— WORK ORDER —
The records below are to be copied word for word, with every picture left out.

════════════════════

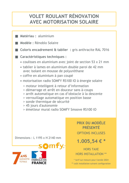 Le volet roulant rénovation motorisé apporte sécurité, confort et modernité à votre maison, offrant une isolation thermique et acoustique supplémentaire. Profitez de la commodité d’une commande à distance tout en valorisant l’esthétique de votre façade.
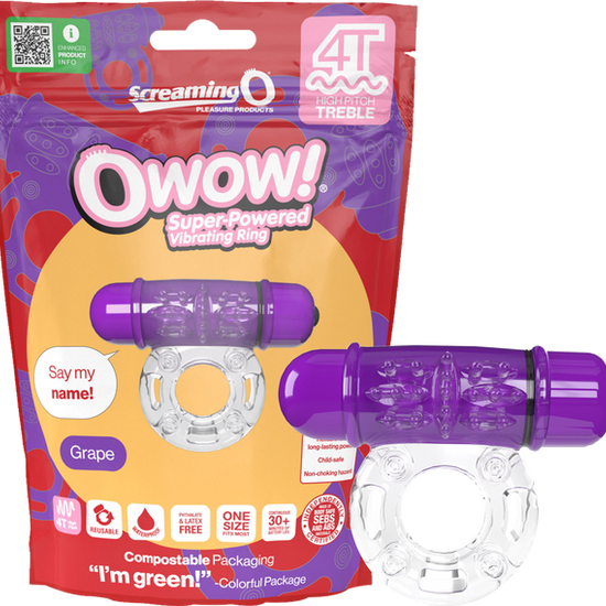 The Screaming O 4T OWow vibrating ring features a super-powered 4T bullet with treble style tickle and tease vibrations to provide powerful and mutual pleasure enhancements for couples of all kinds. Made of lab-tested body-safe SEBS, the stretchy ring is designed to fit comfortably. It is available in four colors to suit your sensual mood. With extended pleasure ticklers for enhanced sensations, the Screaming O 4T OWow is sure to Make Love More Fun™. The 4T OWow is packaged using materials that are ethical, sustainable, and eco-friendly. Additionally, is it utilizing new 4LR44 batteries that are child-safe, more reliable, and longer lasting. Screaming O believes in leaving this planet better off than we found it, which is why promoting positive sexual as well as environmental health is important to us.
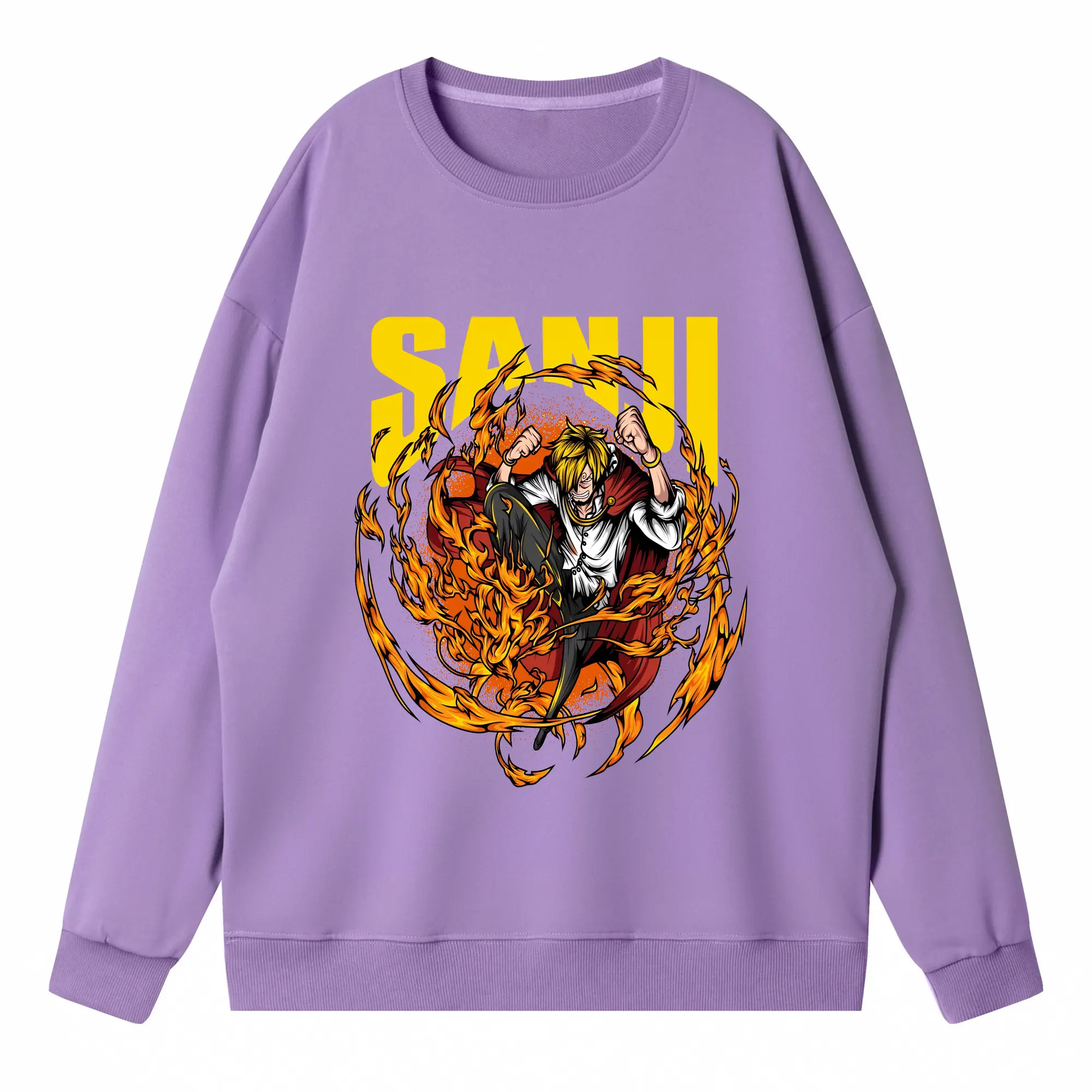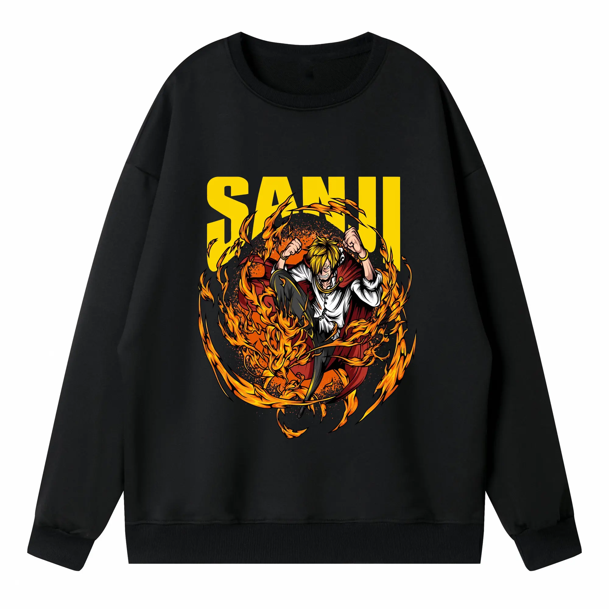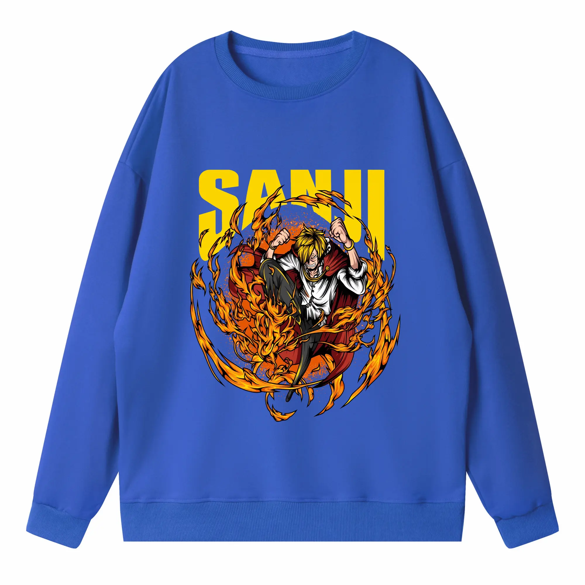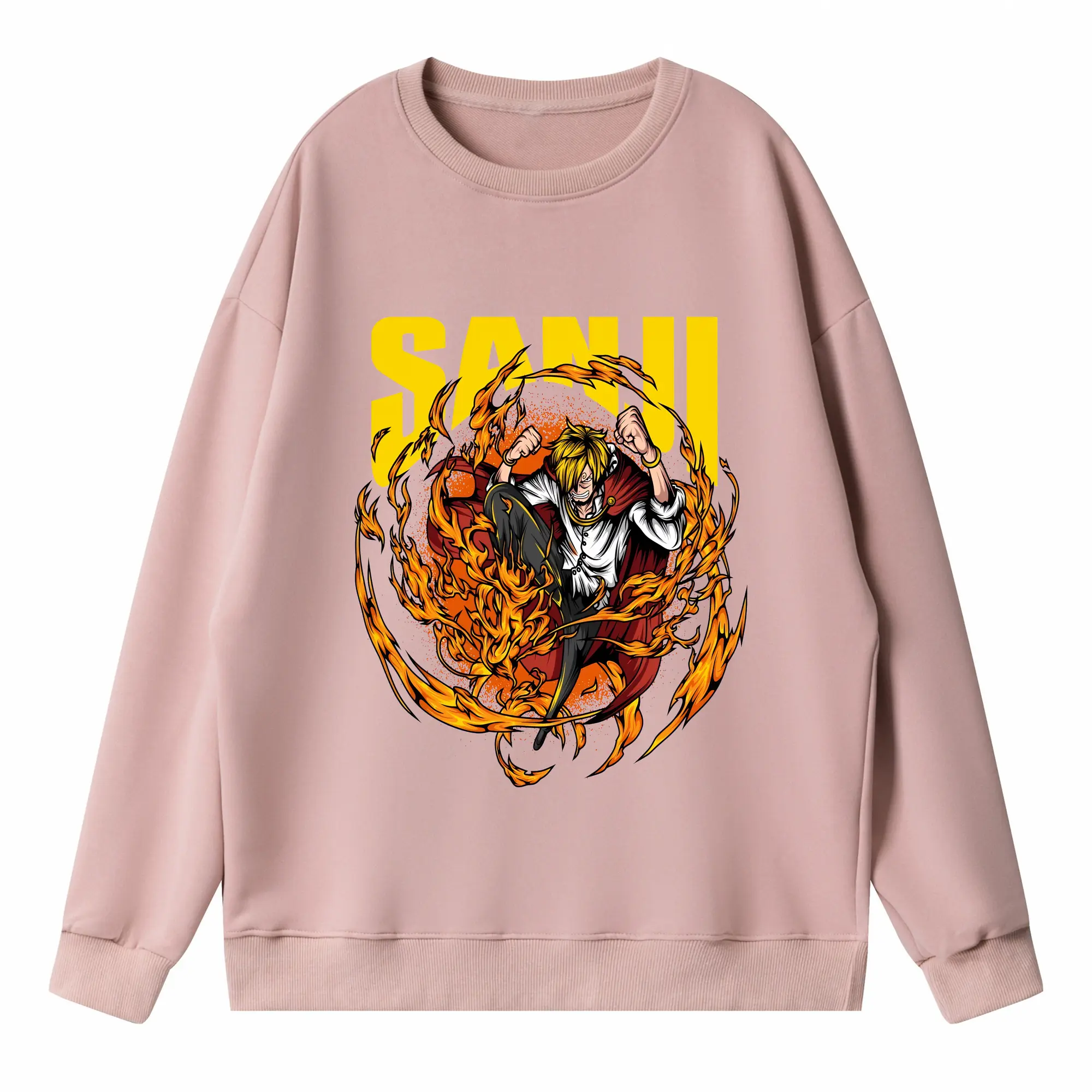 ワンピース グッズ ヴィンスモーク・サンジ - 高品質 クルーネック スウェット ・ コットン59% ポリエステル41% ・ ユニセックス 長袖 トレーナー ・ カジュアル デイリー スポーツ 散歩用
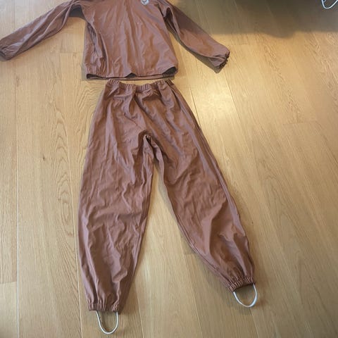 Wheat regntøj i størrelse 104 farve ink, i rigtig god stand.
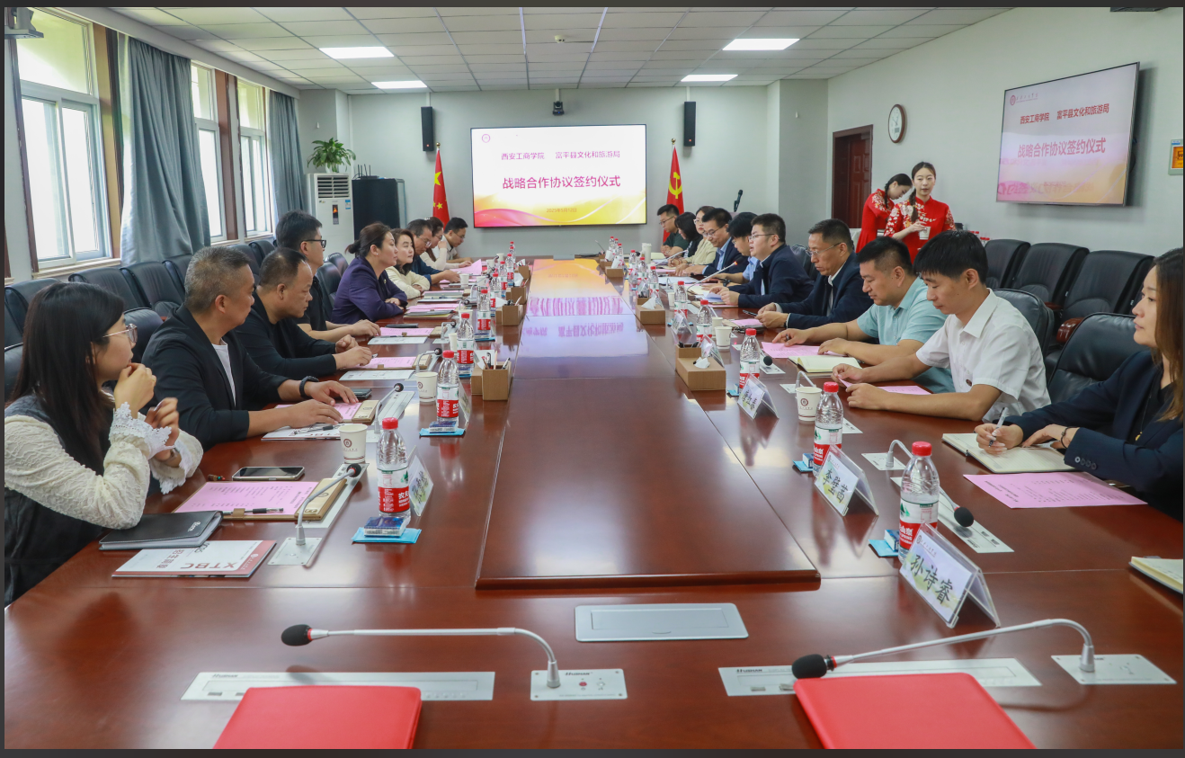 签约仪式在我校行政楼三楼会议室举行。富平县政府参加会议的领导还有文化和旅游局党委书记、局长李敏,副局长孙守奎,局办公室主任李佳琦,阿宫团长王革委,副团长雷凯强、李海峰、李曼,政府办干部张雪榕。西安工商学院参加会议的还有教务处处长刘洪鹏,艺术与传媒学院执行院长唐红春,党总支书记、学工副院长宋亚萍,校团委李璧茜,艺传编导系主任李静,实验中心主任刘康奇、学工副院长助理孙诗睿。

════════════════════

— REPLY —
 Le volet roulant rénovation motorisé apporte sécurité, confort et modernité à votre maison, offrant une isolation thermique et acoustique supplémentaire. Profitez de la commodité d’une commande à distance tout en valorisant l’esthétique de votre façade.
 The Screaming O 4T OWow vibrating ring features a super-powered 4T bullet with treble style tickle and tease vibrations to provide powerful and mutual pleasure enhancements for couples of all kinds. Made of lab-tested body-safe SEBS, the stretchy ring is designed to fit comfortably. It is available in four colors to suit your sensual mood. With extended pleasure ticklers for enhanced sensations, the Screaming O 4T OWow is sure to Make Love More Fun™. The 4T OWow is packaged using materials that are ethical, sustainable, and eco-friendly. Additionally, is it utilizing new 4LR44 batteries that are child-safe, more reliable, and longer lasting. Screaming O believes in leaving this planet better off than we found it, which is why promoting positive sexual as well as environmental health is important to us.
 ワンピース グッズ ヴィンスモーク・サンジ - 高品質 クルーネック スウェット ・ コットン59% ポリエステル41% ・ ユニセックス 長袖 トレーナー ・ カジュアル デイリー スポーツ 散歩用
 Wheat regntøj i størrelse 104 farve ink, i rigtig god stand.
 签约仪式在我校行政楼三楼会议室举行。富平县政府参加会议的领导还有文化和旅游局党委书记、局长李敏,副局长孙守奎,局办公室主任李佳琦,阿宫团长王革委,副团长雷凯强、李海峰、李曼,政府办干部张雪榕。西安工商学院参加会议的还有教务处处长刘洪鹏,艺术与传媒学院执行院长唐红春,党总支书记、学工副院长宋亚萍,校团委李璧茜,艺传编导系主任李静,实验中心主任刘康奇、学工副院长助理孙诗睿。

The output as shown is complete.